22 août 2008 — Constatant le rôle du méga spéculateur américain pro-britannique George Soros dans l’immense provocation géorgienne conduisant le monde au bord d’une troisième guerre mondiale, le polémiste américain Lyndon LaRouche déclara : « Si vous cherchez à vous faire une idée de comment seront les Etats-Unis sous une administration Obama, regardez ce que vient de faire la Géorgie. Le président géorgien Saakachvili partage le même "parrain" britannique : George Soros. Est-ce que l’homme de Soros, Obama, sera un nouveau Dick Cheney s’il arrive au pouvoir ? »

Le 24 février 2008, un entretien publié dans les colonnes du quotidien londonien The Times jette un éclairage particulièrement instructif sur cette affaire : la conseillère en politique étrangère depuis toujours d’Obama, Samantha Power, y révèle que « le canal principal entre l’Angleterre et le candidat a été Lord Malloch Brown, le ministre adjoint des Affaires étrangères [anglais], qui a pu susciter l’admiration d’Obama quand il [Malloch Brown] était secrétaire adjoint des Nations unies. ‘Obama fut réellement sous son charme. C’est une relation qui s’est maintenue dans le temps, et ils se sont parlés plusieurs fois au téléphone depuis lors’. »

Deux semaines après ces aveux révélateurs, Samantha Power a officiellement été démise du staff présidentiel d’Obama pour avoir dit le 6 mars qu’Hillary Clinton « est un monstre ».

Depuis cette interview peu remarquée, un certain nombre de faits nous ont permis de découvrir l’image complète du puzzle :

  • Lord Malloch Brown et George Soros ont coopéré dans la mise en place et le financement du gouvernement actuel de Géorgie, et dans la provocation guerrière contre la Russie.
  • Aussi bien Samantha Power, Lord Malloch Brown, que le sénateur Obama, profitent des largesses pécuniaires de George Soros. Cela n’est pas gratuit.

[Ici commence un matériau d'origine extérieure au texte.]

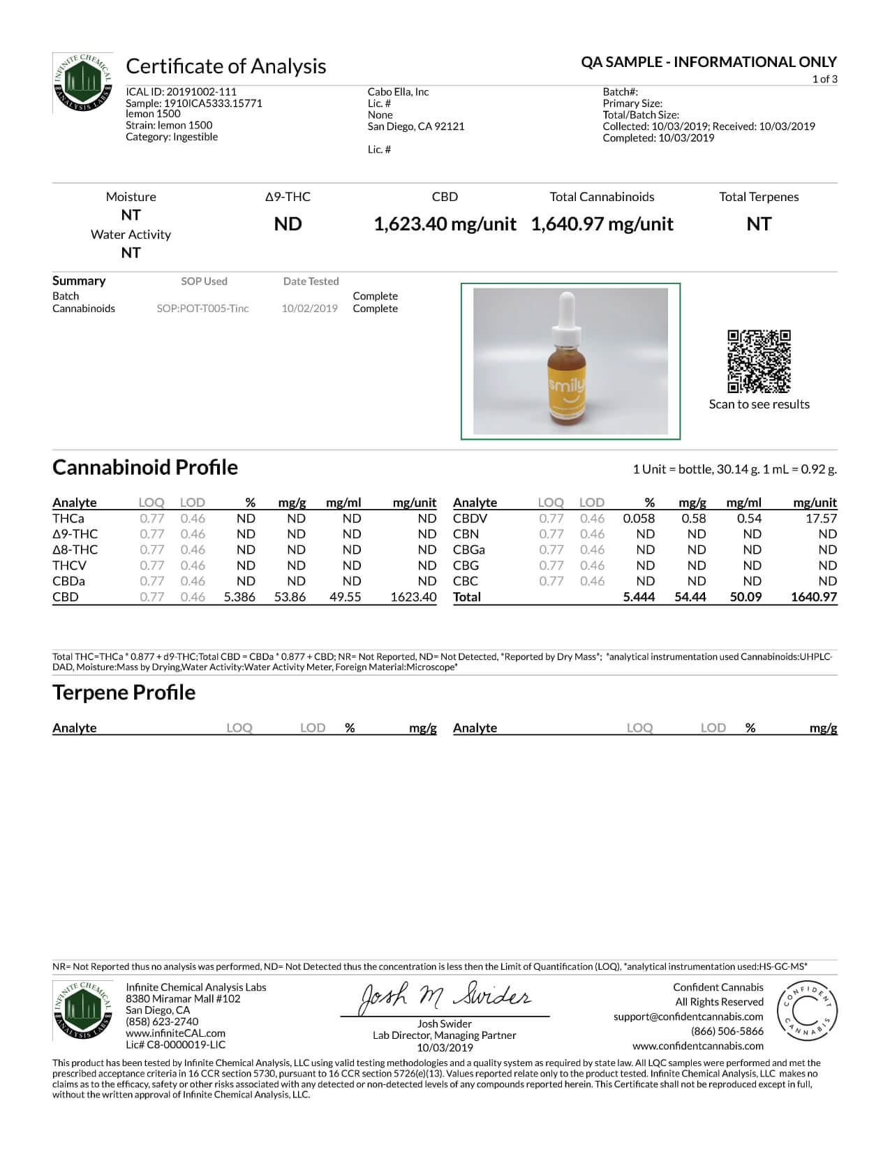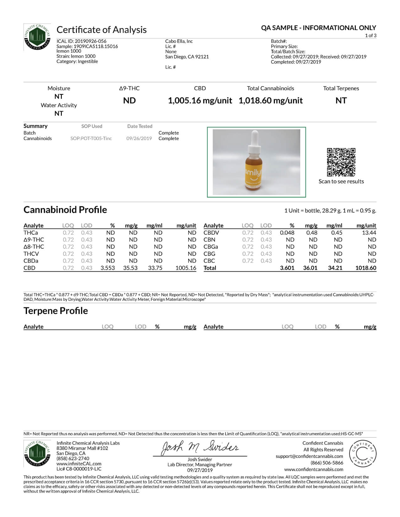 Smilyn CBD Tincture Lemon 1000mg Lab Report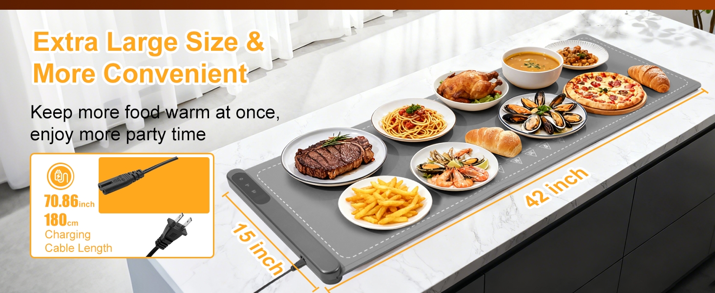 • ✅【حجم كبير جدًا 42 بوصة × 15 بوصة مثالي للحفلات وكابل شحن 7.8 بوصة】سجادة تسخين الطعام الكهربائية مقاس XXL مقاس 42 بوصة × 15 بوصة تناسب بشكل مريح أطباق من 8 إلى 14 بوصة. كما أنها مناسبة لـ 99% من أدوات المائدة، فقط ضعها بحرية. يأتي مع كابل شحن مقاس 7.8 بوصة، مثالي للعائلات الكبيرة والبوفيه والحفلات والترفيه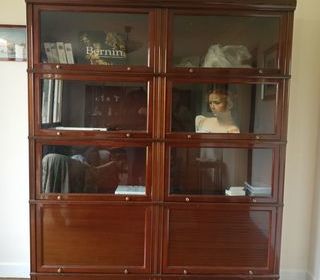 Bibliothèque fermée vernie façon acajou : Longueur 160 cm Profondeur 36 cm Hauteur 198 cm 8 vitres coulissantes dont 2 opaques, 2 tiroirs. À prendre sur place.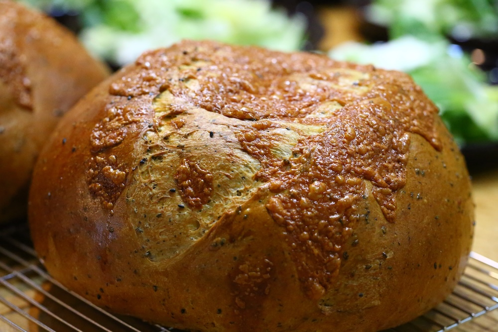 黒胡麻チーズパン 外カリカリの中ふわふわなパンです 切る前から香りがすごいのです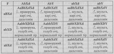 - 2. Самка з F1 утворює 4 типи гамет: АХВ; АХb; аХВ; аХb. Самець з F1 утворює 4 типи гамет: АХВ; AY; аХВ; aY.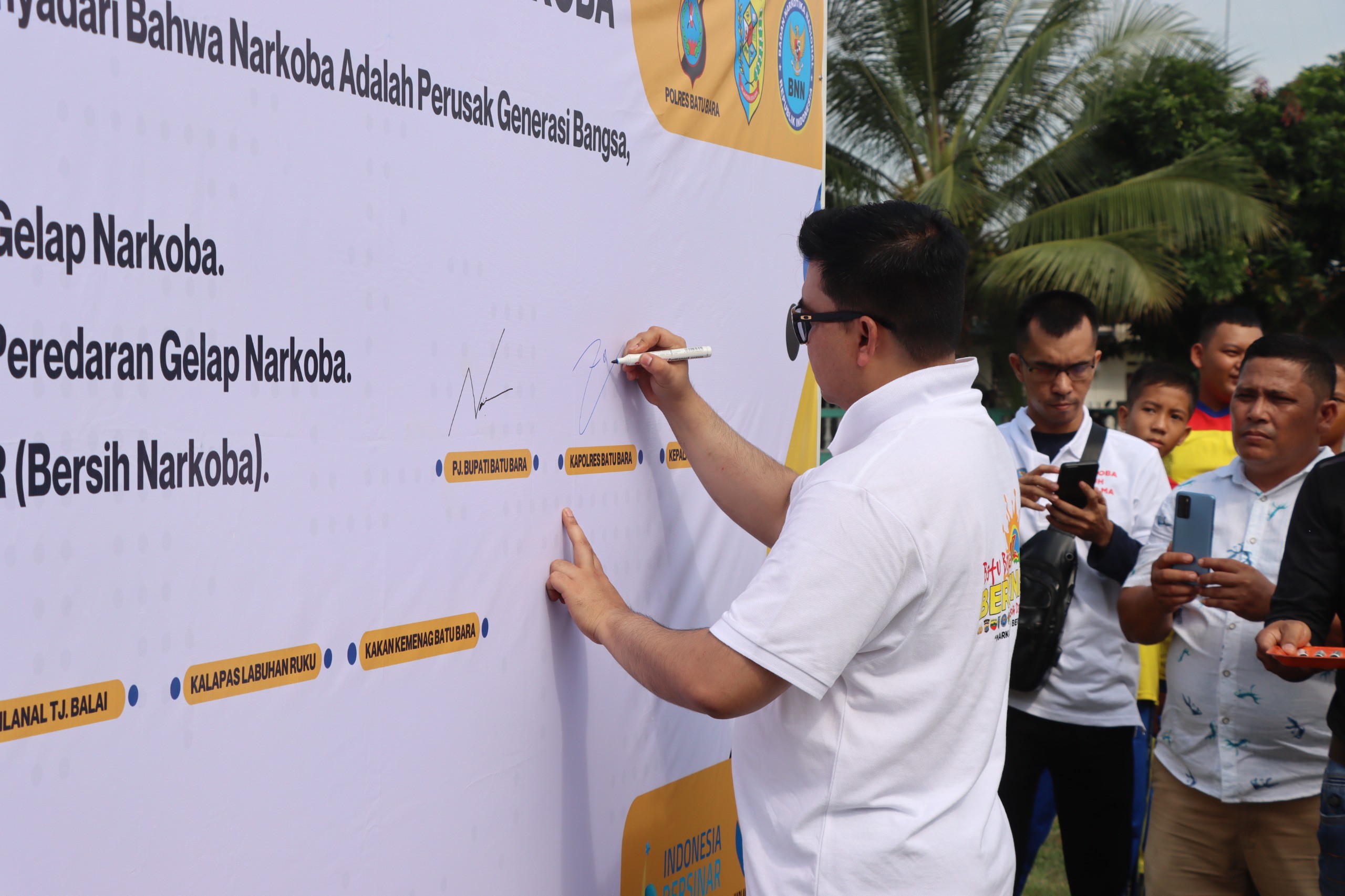 Indonesia mari kita berantas Narkoba.Selanjutnya berikrar menolak segala bentuk penyalahgunaan dan peredaran gelap narkoba. Yang ada di Kab Batu Bara.Kemudian berani melaporkan segala bentuk penyalahgunaan dan peredaran Narkoba. Mewujudkan Kabupaten Batu Bara Bersinar (bersih dari narkoba). Narkoba musuh kita bersama.Acara deklarasi gebyar menuju Batu Bara Bersih dari Narkoba mari kita Ikrar bersama Polres Batu Bara.Kegiatan tersebut dibalut dengan acara jalan santai , senam dan Lucky Draw berjalan dengan sangat antusias oleh masyarakat sekitar 4000 orang dan berjalan hingga jam 11.00 WIB *(RI-1)*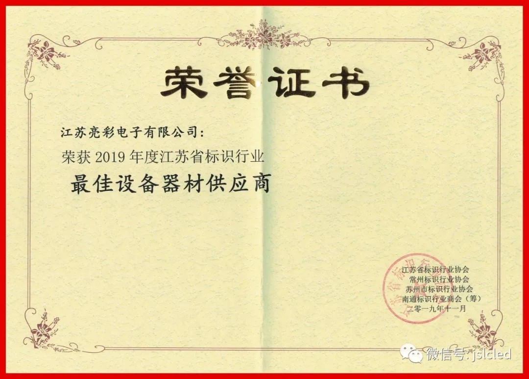 在這次盛會(huì)上,榮獲"2019年度江蘇省標(biāo)識(shí)行業(yè)最佳設(shè)備供應(yīng)商"。這是江蘇亮彩公司的光榮,感謝協(xié)會(huì)對(duì)我司的認(rèn)可,以此為今后工作更大的動(dòng)力,更好地為協(xié)會(huì)和廣大客戶服務(wù)!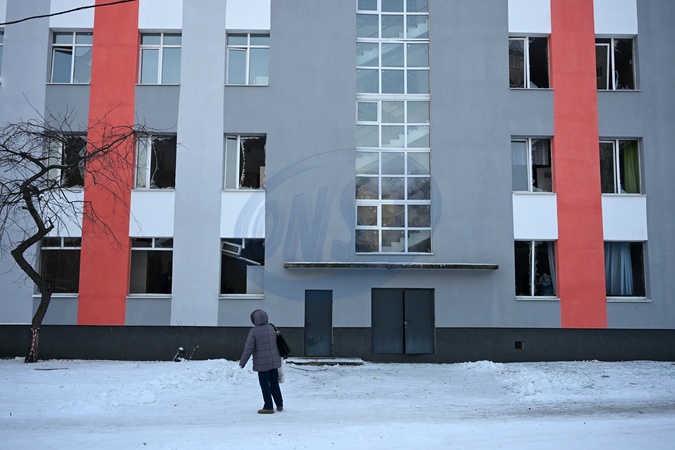 A woman looks at Gymnasium No. 126 in Kyiv's Dniprovskyi district, damaged by an overnight Russian drone strike, Kyiv, Ukraine, February 3, 2026. Russia's massive nighttime attack on Kyiv's energy infrastructure left part of the city's left bank without heating. The most difficult situation is in the Darnytskyi and Dniprovskyi districts. Emergency power outages have also been implemented on the left bank., Credit:Yevhen Kotenko / Avalon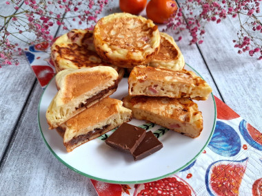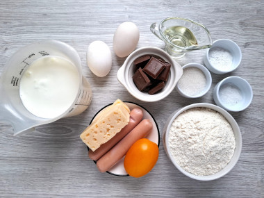 Для сладкой начинки я взяла молочный шоколад. Для солёной нарезала пару сосисок, натерла вкусный сыр и от себя добавила маленькую помидорку для сочности.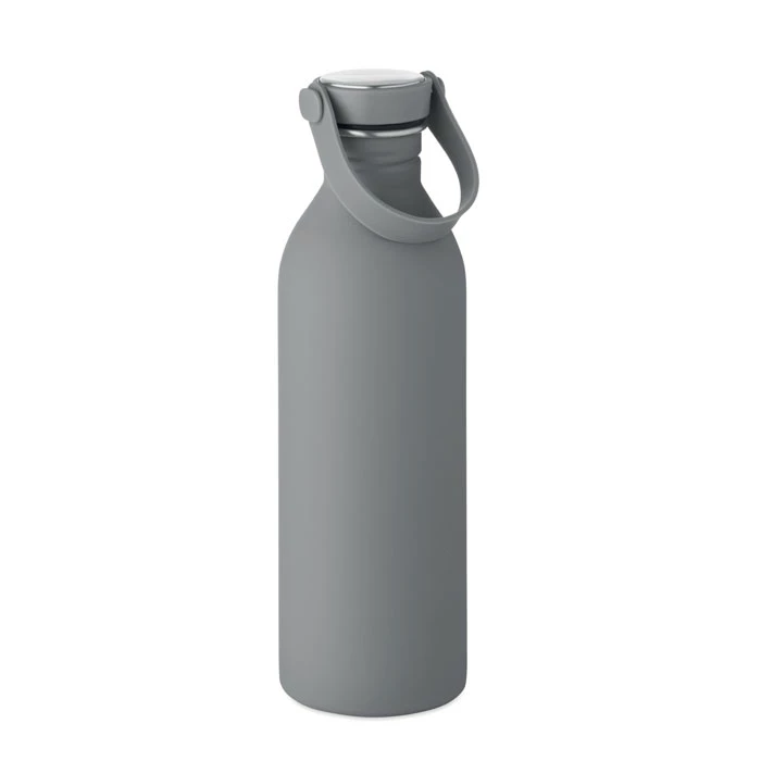 Jednościenna butelka 90% stal nierdzewna z recyklingu 10% stal nierdzewna. Gumowe wykończenie. Pokrywka z PP i SS sylikonowy uchwyt. 500 ml. Butelka jednościenna, może występować przenoszenie ciepła.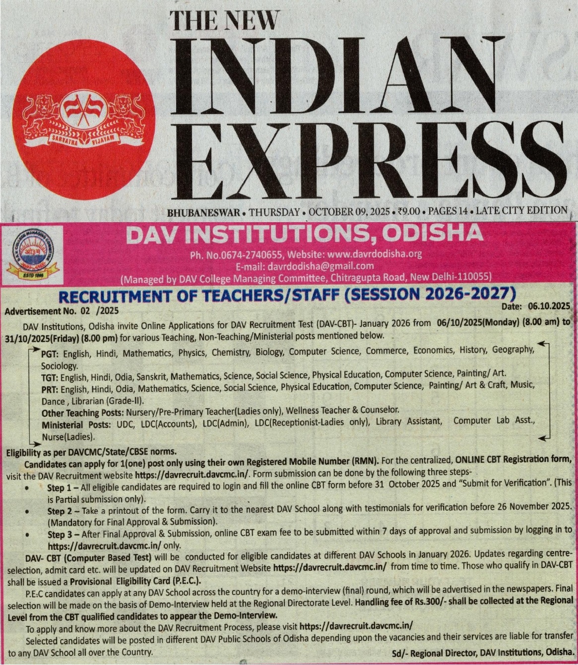 ADVERTISEMENT CLIPPING OF THE NEW INDIAN EXPRESS ON 09.10.2025

Samantha Power, dans une discussion sur un forum internet se livre à des commentaires sur la vente de son livre A problem from Hell : America at the Age of Genocide. Elle y admet volontiers que son livre et sa recherche « n’étaient certainement pas rentables sur le marché ». « Si je n’avais pas obtenu une bourse de Georges Soros et de l’Open Society Institute (OSI), je n’aurais jamais été capable de mener le type de journalisme d’investigation que je devais entreprendre. »

Après son élection comme sénateur en janvier 2005, Obama s’est entretenu avec Samantha Power pour discuter du livre qu’elle avait écrit grâce à la bourse de Soros. Ensuite, elle fut recrutée par son staff au Sénat afin de le former en politique étrangère.

En 2006, Soros a aligné 60000 dollars pour la nouvelle campagne sénatoriale d’Obama. Peu connu à l’époque, Obama a été le seul sénateur avec lequel Soros s’est entretenu personnellement, et Soros l’a par la suite invité pour une rencontre avec des donateurs.

Le baron Mark Malloch Brown

Soros et Malloch Brown se connaissent au moins depuis l’époque de la guerre des Balkans, au début des années 1990, alors que Samantha Power couvre les événements pour le magazine des élites de la City, The Economist, où Malloch Brown avait également fait ses débuts.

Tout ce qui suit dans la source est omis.